Monday, August 15, 2011

The Autumn of our Discontent (and 1903)

The Shocking Orders:



The Unthinkable Results:



Intrigue abounds! Does this cruel, cruel summer campaign represent a fundamental shift in the power structures of the Continent? Only time will tell, but in the meantime, Rofranz Foferdinand has gotten real weird about the fact that he's mysteriously in charge of Italy and started looking towards the Orient, and the dreams of glory and reunification he sees in the stately cathedrals and impressive cannonades of the former Eastern Roman Empire. King Benjie IV and Marquis de Salmond continue their impressive game of who can keep their tongue in the other fellows butthole the longest as they team up against the staunchly heterosexual Kaiser Magic von Magic, who right about now is probably regretting tut-tutting that proposition in the bathhouse from the giggling and be-moustachioed French and Englishmen several years ago. Meanwhile, Grand Vizier Cherry makes no progress in the trenches as he continues to commit resources to lend assistance to his oldest friend and ally, the Archduke Guerraschplatz, who pretty much seems to be bent over a velvet chaise-lounge and all but presenting himself to the swarthy and notoriously rapely Turks in the style of some sort of extremely well dressed bitch in heat. When nobody was looking, there seems to have been a popular uprising in Russia, and Chairman Alteriostok has been installed in place of the old Czar. With this change in national politics comes a change in foreign policy, and the peoples army now has it's sights set on the decadent Austro-Hungarians. Their new rallying cry "Death before Suckass!" can be heard from Bothnia to Budapest and has proven to be significantly more popular than the bourgeois czarist motto "tea before opulent Russian pastries!"

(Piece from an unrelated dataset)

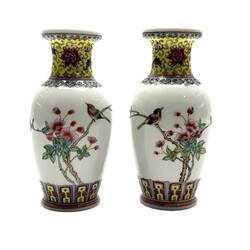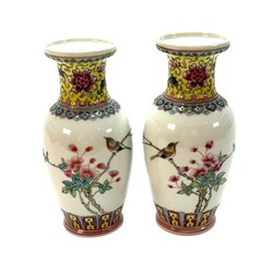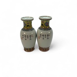 | Omschrijving | Lot van twee 20e eeuwse Chinees porseleinen vaasjes, met emaillebeschildering en decor van bloemen op een tak. Aan de achterzijde met karaktertekens, aan de onderzijde gemerkt met zegelmerk. |

All retreating units have been put to the sword by their merciless foes. "Where'd my unit go?" you may be asking yourself. "Why, they've been put to the sword, my good man", says I, "didn't you read the previous sentence?"

The only weirdness is for King Benjie IV. Apparently, to support a convoy, the supporter needs to be touching the convoy endpoint (if you know what I'm sayin', and I bet your special friend the Marquis de Salmond does). It makes no difference here, however, as your pasty and stiff upper-lipped redcoats stormed the beaches of Denmark with no resistance. Eat a bag of uncircumcised dicks, Hamlet!

1 comment:

Anonymous said...

Huzzah! Russia forever! Austria never!